== Input data ==
[Start of Attachment]

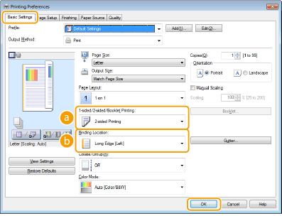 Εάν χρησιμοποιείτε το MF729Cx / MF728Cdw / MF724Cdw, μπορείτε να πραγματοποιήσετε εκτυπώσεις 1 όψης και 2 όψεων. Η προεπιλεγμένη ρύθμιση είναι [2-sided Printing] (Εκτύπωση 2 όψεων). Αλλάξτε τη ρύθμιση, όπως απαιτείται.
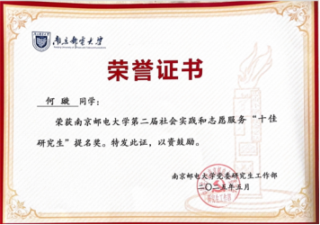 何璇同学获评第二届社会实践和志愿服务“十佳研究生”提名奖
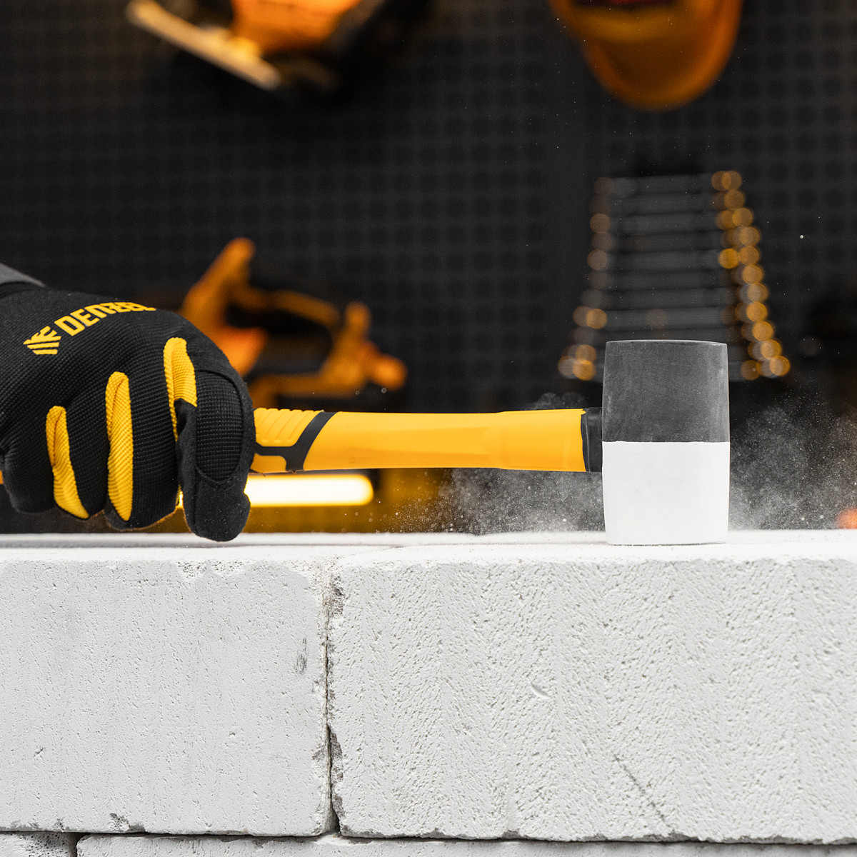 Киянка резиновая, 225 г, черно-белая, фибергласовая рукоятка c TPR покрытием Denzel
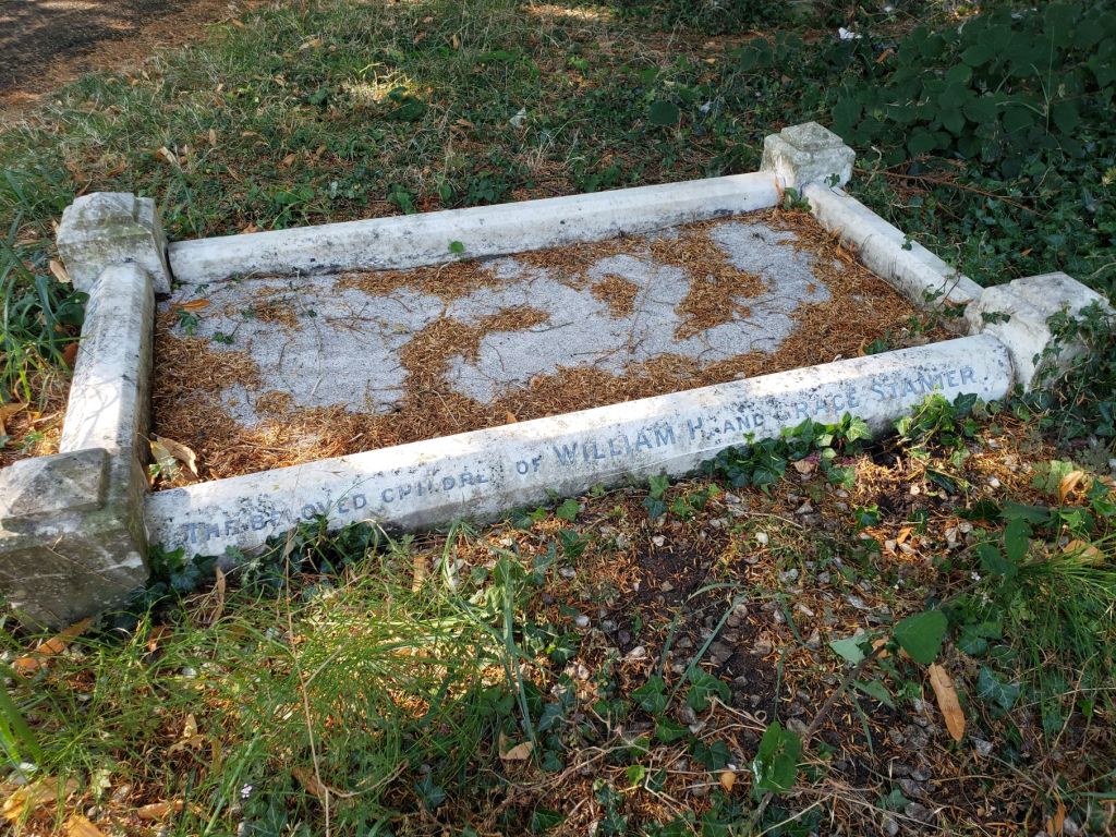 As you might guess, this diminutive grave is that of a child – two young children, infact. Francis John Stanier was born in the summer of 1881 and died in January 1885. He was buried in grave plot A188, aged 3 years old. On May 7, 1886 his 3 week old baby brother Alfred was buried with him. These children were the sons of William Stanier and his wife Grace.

[End of Attachment]

The response has to be an exact copy of all the data, pictures excluded.

== Result ==
 Εάν χρησιμοποιείτε το MF729Cx / MF728Cdw / MF724Cdw, μπορείτε να πραγματοποιήσετε εκτυπώσεις 1 όψης και 2 όψεων. Η προεπιλεγμένη ρύθμιση είναι [2-sided Printing] (Εκτύπωση 2 όψεων). Αλλάξτε τη ρύθμιση, όπως απαιτείται.
 何璇同学获评第二届社会实践和志愿服务“十佳研究生”提名奖
 Киянка резиновая, 225 г, черно-белая, фибергласовая рукоятка c TPR покрытием Denzel
 As you might guess, this diminutive grave is that of a child – two young children, infact. Francis John Stanier was born in the summer of 1881 and died in January 1885. He was buried in grave plot A188, aged 3 years old. On May 7, 1886 his 3 week old baby brother Alfred was buried with him. These children were the sons of William Stanier and his wife Grace.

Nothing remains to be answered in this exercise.